With roughly 120 miles of track already under construction in the Central Valley of California, Governor Gavin Newsom decided to halt plans to build a high-speed railroad that would have spanned from Los Angeles to San Francisco.
“The project, as currently planned, would cost too much and take too long,” Newsom said during his first State of the State address. “There’s been too little oversight and not enough transparency.”
The railroad would have spanned 800 miles and reached speeds nearing 220 miles per hour.
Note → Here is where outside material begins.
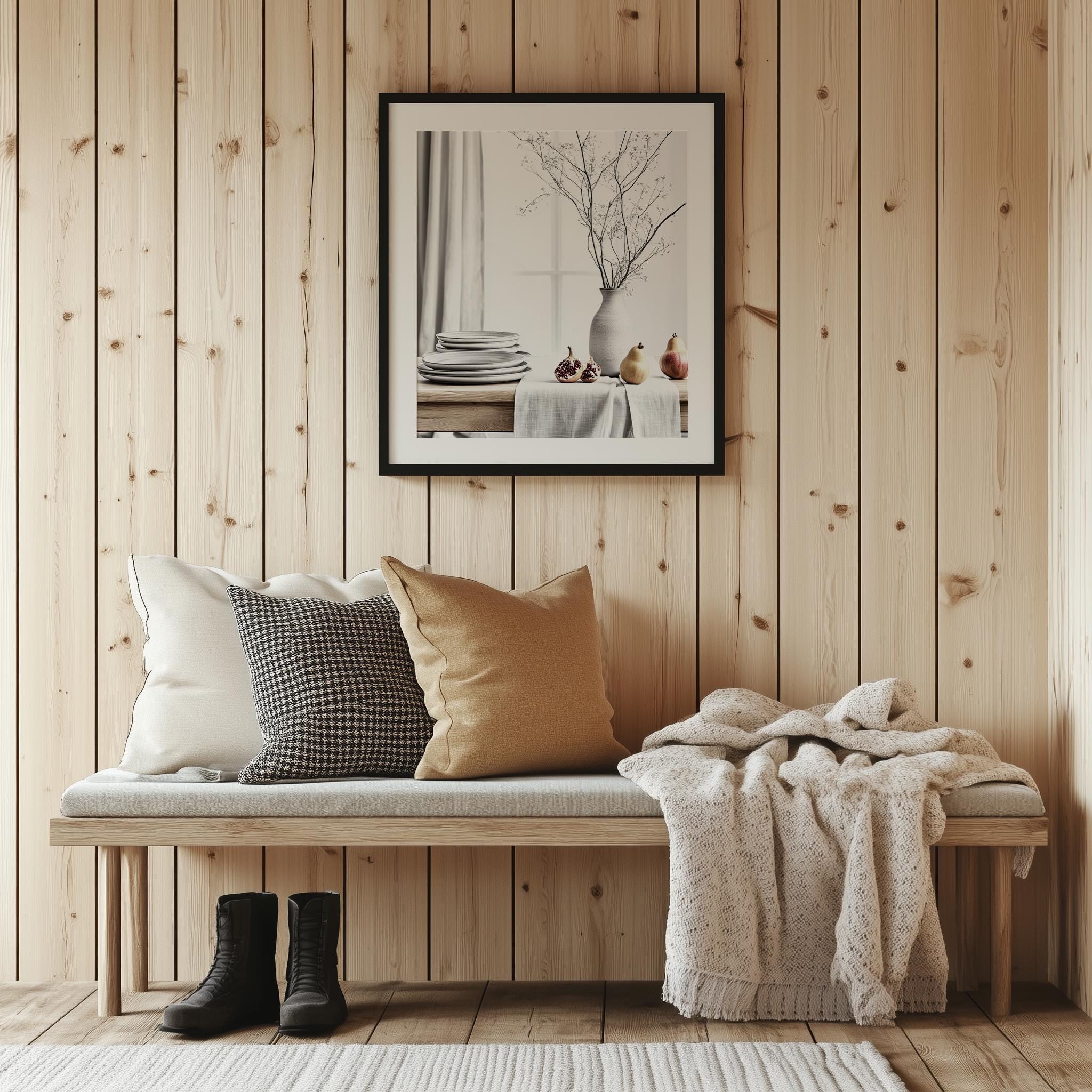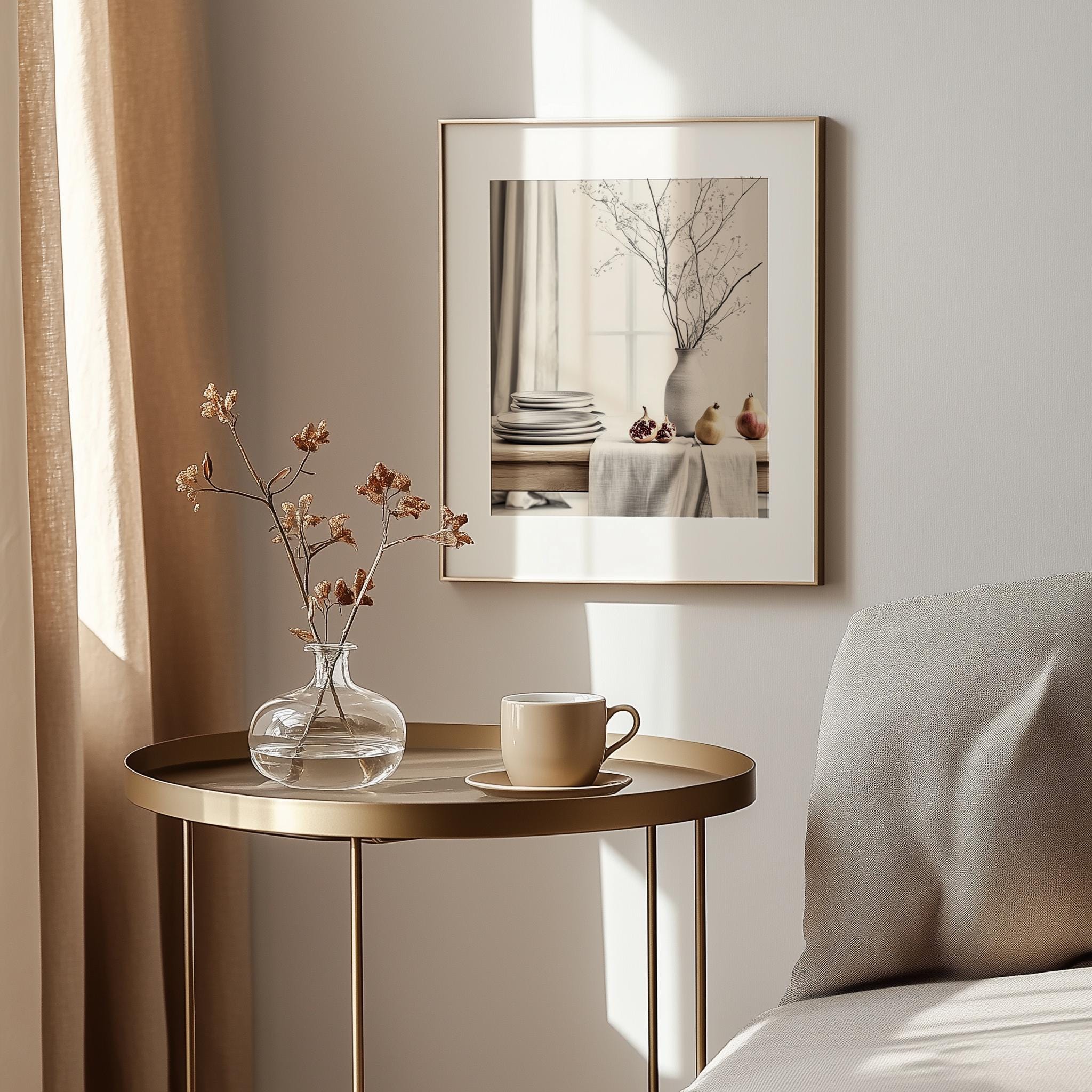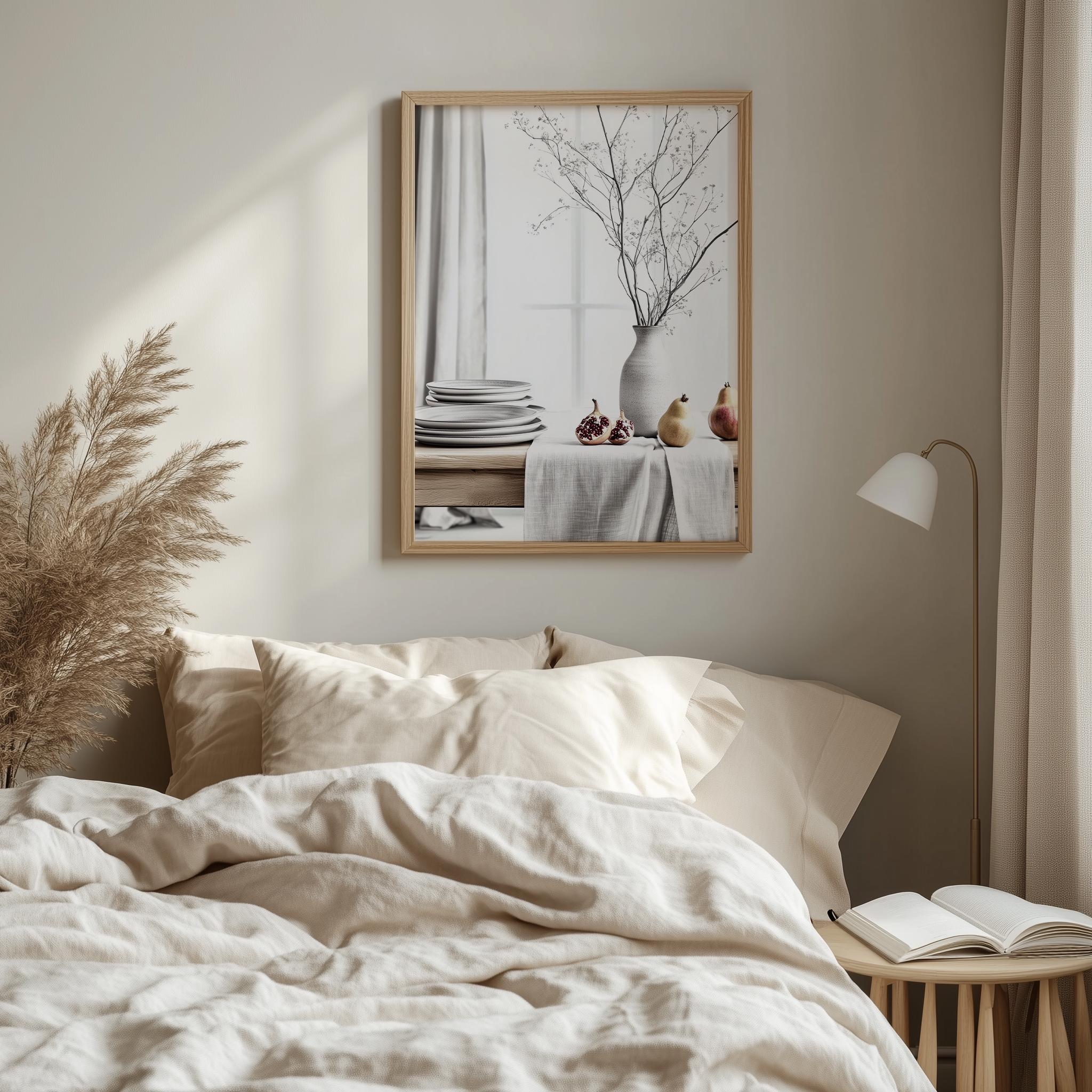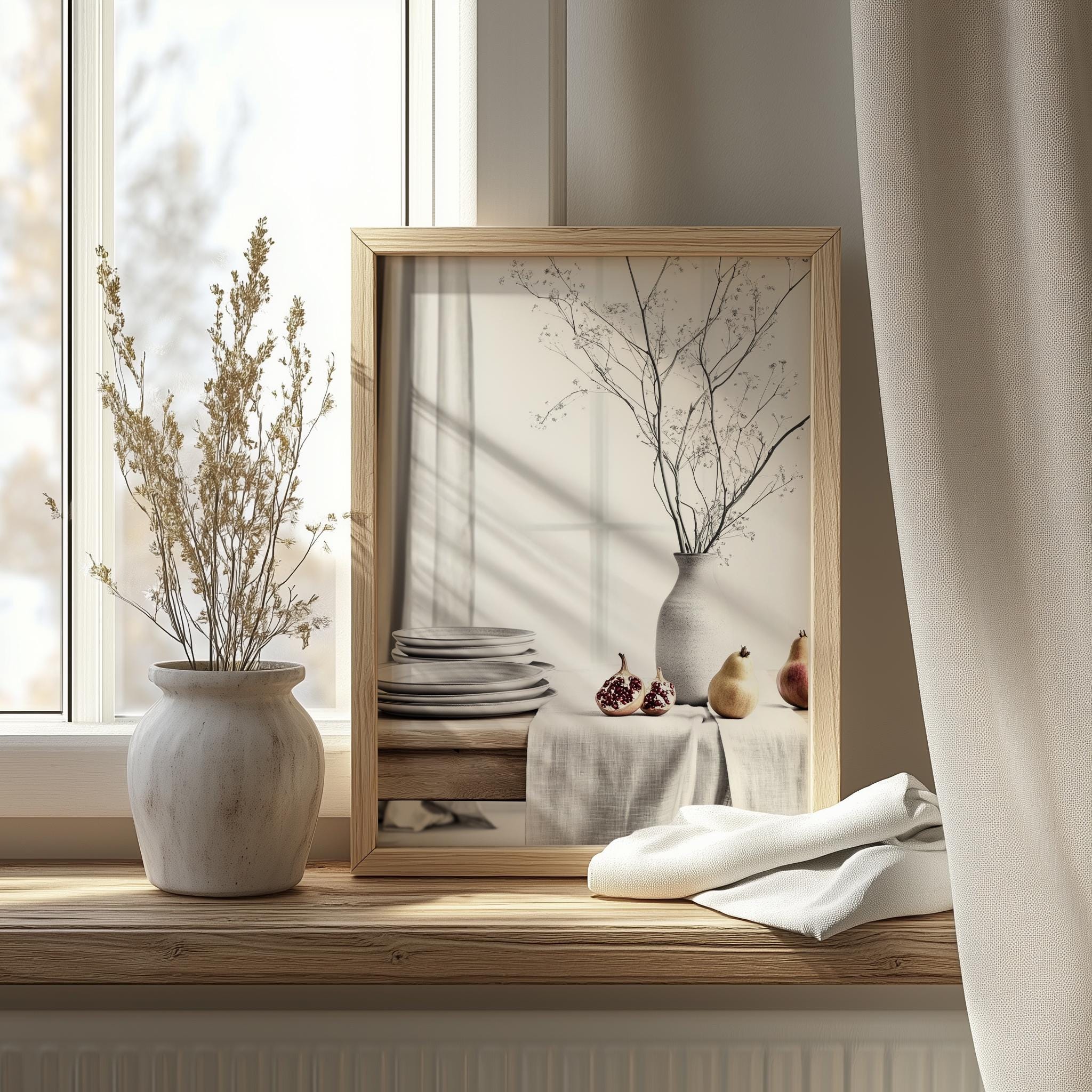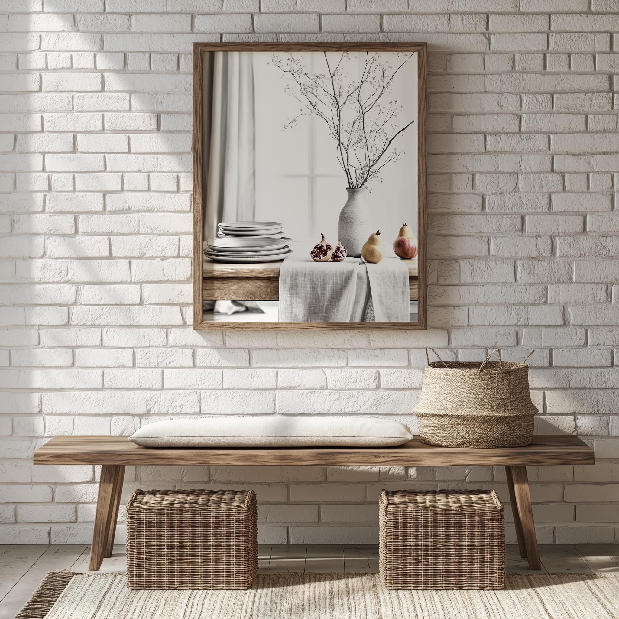 Immerse yourself in the charm with this rustic painting ofa serene table setting adorned with stacked plates and soft natural light. An instantly downloadable print, it's perfect for elevating your decor with budget friendly charm. This gives you the flexibility to customize the size, frame, and material according to your personal taste and space, ensuring a perfect fit for your walls.

The construction was halted after the Trump administration’s decision to cancel the transfer of $929 million in grant funds.
Newsom said the funding cut is a political move.
“It’s no coincidence that the Administration’s threat comes 24 hours after California led 16 states in challenging the President’s farcical ‘national emergency,’” Newsom said in a statement to the Los Angeles Times.
Chief of the Federal Railroad Administration Ronald Batory claimed that the cut was a result of the state failing to comply with a grant agreement by not spending required matching funds, not submitting financial information and missing expected deadlines. The state administration is also seeking legal means to get back the original $2.5 billion grant.
George Grube ’20 said that he thinks the railroad would have made a strong impact on both California and the world at large.
“The high speed rail could’ve been the future for California,” Grube said. “We are the eighth largest economy in the world and have to set the example.”